At least until recently, Palestinians doubted that elections would occur. The legal and political obstacles imposed by Palestinian divisions and the Israeli occupation will mean that even a determined effort by leaders will make a sound electoral process difficult. Indeed, such determination had been lacking until lately. Those with different concerns—from those worried that elections will exacerbate divisions, those opposed to Hamas’s inclusion, or those who believe attention should be focused on reform elsewhere—have all expressed profound doubts about the wisdom of the balloting as planned.

While such analysts can only criticize, powerful political actors who are able to act on their doubts could step in to end the electoral cycle with either a bang or a whimper. Palestinian leaders, worried that the elections are going awry or slipping from their grasp, could abort them; Israeli officials could disrupt them in countless ways; U.S. and European diplomats could deprive elections of the international protection they would need to be effective.

But what if elections to the Palestinian Legislative Council (PLC), the parliament of the Palestinian Authority, go forward as planned? What effect would they have on Palestinian governance? Overall, they might breathe a small bit of life into a stagnant body politic and help forge a tool that Palestinians could use to manage their differences. There are three reasons for such a conclusion.

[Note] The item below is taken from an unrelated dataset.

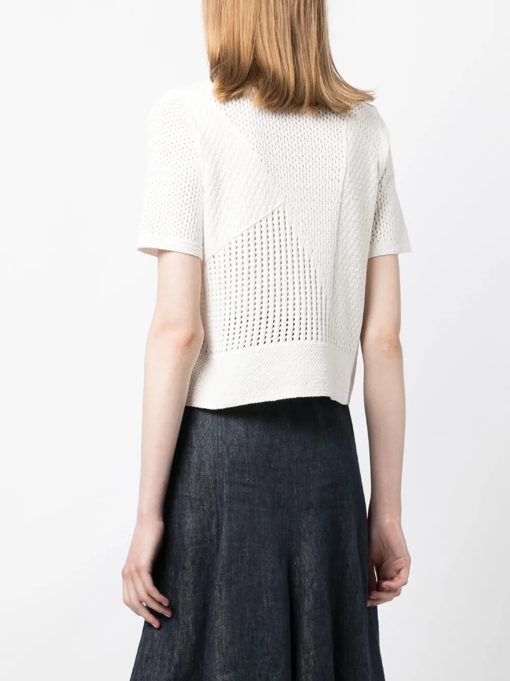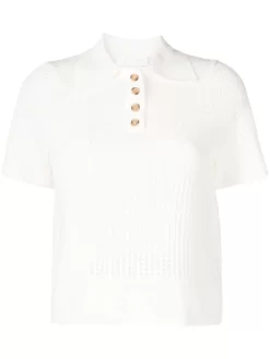 Bianco, cotone, design lavorato a maglia, colletto stile polo, falsatura frontale con abbottonatura e maniche corte.

First, the results will probably be different than the last two elections. Most political forces will participate, unlike in 1996. And unlike both the 1996 and 2006 elections, a pure proportional representation system will likely result in no bloc obtaining a clear majority. It is impossible to say what the outcome would be—itself a healthy sign of sorts, since an election in which the results are certain in advance is almost by definition undemocratic. Polling might be a bit less reliable because the obstacles to voting will vary considerably by location. And it is not yet even clear what choices voters will be offered.

Electoral slates are still being formed—Fatah dissidents may put together one or two alternatives to the official Fatah slate. The rifts within Fatah may push the leadership to find a way to call off the vote. Violence among Fatah rivals occurred in 2006, and could recur now. But if there is an Islamist bloc, a Fatah list, a dissident Fatah list (or two), a leftist list, and perhaps a few others, then the result is likely to be a legislative body in which several parties have voices but none has veto power. The 1996 parliament had an independent streak (many candidates hailing from Fatah had been elected on their own), but was not organized into clear blocs and had trouble cobbling together coherent majorities for anything.

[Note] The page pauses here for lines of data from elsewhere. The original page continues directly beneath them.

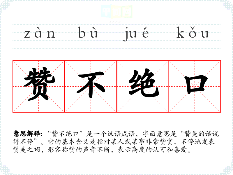 “赞不绝口”是一个汉语成语,字面意思是“赞美的话说得不停”。它的基本含义是指对某人或某事非常赞赏,不停地发表赞美之词,形容称赞的声音不断,表示高度的认可和喜爱。
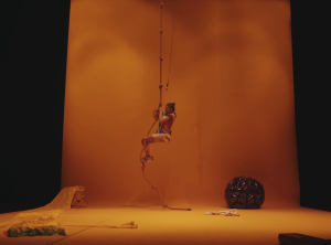 La mujer dialoga con los distintos elementos que el espacio le aporta: una cuerda de 9 metros, una pelota gigante, la cinta de correr, un dance-air con el que lidia una batalla a vida o muerte. La descripción textual se abraza al detalle corporal. Una actriz que se mueve como toro en su redil, como niño en un parque de bolas, como una pelea de guerrilleros en la selva tropical. En definitiva, un mano a mano entre palabra y movimiento llevado al humor y el pensamiento.
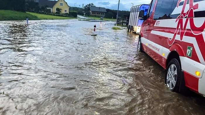 Mooskirchen stand zeitweilig unter Wasser, die Feuerwehren Steinberg und Ligist unterstützten

That raises a second aspect of any electoral outcome: the deputies elected will be placed in an institution that now has a clear history, a constitutional foundation, and a set of procedures. The 1996 parliament was built from scratch and began with a squabble over the oath of office. The new parliament will have a clearer path, though hardly an easy one. The Palestinian Basic Law, a set of internal bylaws authored by the first PLC and its support offices, and reflecting the institution’s traditions, worked imperfectly at best in the past and in some ways remains untested. Given a parliament divided into rival blocs, gridlock might be the result. But even a creaky and cantankerous parliament will break the logjam in which unaccountable and ageing careerists monopolize decisionmaking in closed circles. At present, Palestine cannot make a decision of any sort. A divided parliament, an elderly president, and a cabinet caught between the two would therefore actually be a step forward.

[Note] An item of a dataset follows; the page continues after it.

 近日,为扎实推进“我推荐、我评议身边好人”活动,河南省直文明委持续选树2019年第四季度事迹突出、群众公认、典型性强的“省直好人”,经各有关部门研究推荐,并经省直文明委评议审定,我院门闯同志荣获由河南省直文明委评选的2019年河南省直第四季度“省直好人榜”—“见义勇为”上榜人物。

And that leads to the third improvement: there will be a clear structure for various elements in Palestinian society to hammer out consensual approaches—and for a majority to receive authorization to act if consensus proves impossible. The political differences between Hamas and Fatah (and now among Fatah factions) are on clear display and have contributed to the political decay at the top of Palestinian society. The division between Gaza and the West Bank is not merely geographical, but now has become embedded in social ties, legal frameworks, and political outlooks.

It should be added that there is one gap in Palestinian society—a generational gap—that receives little international attention, but is audible in virtually any small group discussion to which one is privy among Palestinians. The history lived by the older generation—of national struggle, “revolution,” of building the Palestine Liberation Organization and other institutions, of securing international support—appears to many younger Palestinians to have come to a full stop.

However, there is a reason why arguments among generations are not heard outside of Palestinian living rooms. The younger generation is devoid of clear movements, strategies, and leaders. The young are active, to be sure, but not in the old channels of the nationalist movement. Earlier waves of Palestinian activism produced the individuals and organizations that now stand so unsteadily at the head of the Palestinian national movement. But even those dubbed the “young guard” a couple of decades ago are now eligible for pensions. An election that moves some new, younger faces and ideas from social media into parliament could connect Palestinian political institutions to society in far more vital ways than the desiccated channels now existing. This could move politics from endless discussion to real decisionmaking.

Palestinians skeptical of elections point to the constrained ways these will occur (if they occur at all), the need for reform and energy elsewhere, the divisions that the elections are provoking, and the way they are already being manipulated by leaders who seem to adopt, and drop, electoral processes for tactical reasons. It is not a matter of the perfect being the enemy of the good—there are no good options. The choice for Palestinians is between a bad situation with some signs of movement and entrenched stagnation mixed with slow deterioration. Palestinians have lived with the latter for over a decade, which is why the former may seem attractive.

About the Author

Nathan J. Brown

Nonresident Senior Fellow, Middle East Program

Nathan J. Brown, a professor of political science and international affairs at George Washington University, is a distinguished scholar and author of nine books on Arab politics and governance, as well as editor of five books.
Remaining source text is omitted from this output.